È arrivata la serie di spionaggio più stellata dell’anno! E non mancano pistole e sangue a volontà, per non parlare di Sarah Lancashire nei panni di una regina di ghiaccio. Riempite i vostri stivali natalizi!
È stato un anno importante per i grandi nomi impegnati nello spionaggio sul piccolo schermo, ma Black Doves potrebbe essere il più stellato finora. Questo incubo prima di Natale, con Keira Knightley, Ben Whishaw e Sarah Lancashire, aggiunge un tocco festivo al genere spionistico, mentre l’omonima organizzazione di mercenari si ritrova coinvolta in una cospirazione che, come sempre in questi casi, è più grande di quanto pensassero all’inizio.
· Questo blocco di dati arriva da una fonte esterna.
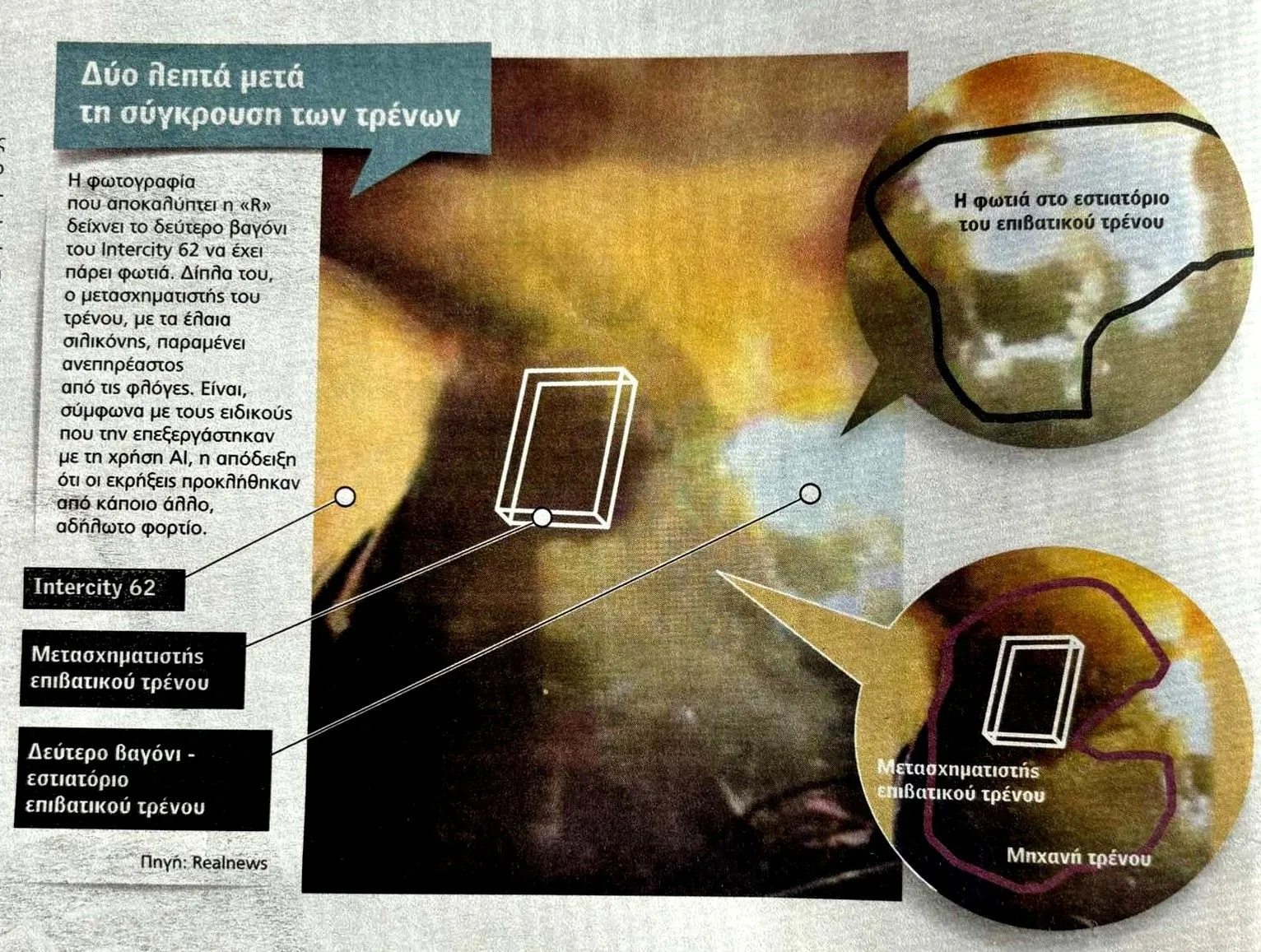 Η εικόνα αυτή, σύμφωνα με τους ειδικούς που την επεξεργάστηκαν με τη χρήση AI, είναι αδιάψευστος μάρτυρας ότι οι εκρήξεις που ακολούθησαν τη σύγκρουση των τρένων προκλήθηκα όχι από τα έλαια σιλικόνης, αλλά από κάποιο άλλο εύφλεκτο φορτίο, το οποίο δεν είχε ποτέ δηλωθεί. Η φωτογραφία, τραβηγμένη μόλις δύο λεπτά μετά τη φονική σύγκρουση, περιλαμβάνεται στη δικογραφία που έχουν στα χέρια τους οι δικαστικές Αρχές, οι οποίες ερευνούν τις ευθύνες της τραγωδίας. Παράλληλα, η ίδια εικόνα αναμένεται να συμπεριληφθεί και στην έκθεση του Εθνικού Οργανισμού Διερεύνησης Αεροπορικών και Σιδηροδρομικών Ατυχημάτων και Ασφάλειας Μεταφορών (ΕΟΔΑΣΑΑΜ) για τα αίτια του φονικού δυστυχήματος.»

Con un cast così stellare e i trailer cupi, mi aspettavo un thriller serio. In realtà, ciò che emerge dalla carneficina che ha luogo prima dell’inizio dei titoli di testa è una serie televisiva pulp da popcorn. La Knightley interpreta Helen Webb, una spia che si è infiltrata ai vertici del governo britannico assumendo una falsa identità e sposando un uomo che sarebbe diventato segretario alla difesa. La sua posizione al centro dell’establishment le offre ampie opportunità di scherzare su quanto possano essere noiose le mogli dei conservatori e di aiutare le Black Doves a passare segreti di Stato al miglior offerente. Whishaw è Sam, un killer sensibile (che è un modo carino per dire assassino), che uccide su commissione per grandi somme di denaro, ma è in conflitto con se stesso. E Lancashire, con il suo caschetto netto, i tailleur eleganti e la voce sussurrata e letale, è Reed, la gelida boss e signora delle Black Doves.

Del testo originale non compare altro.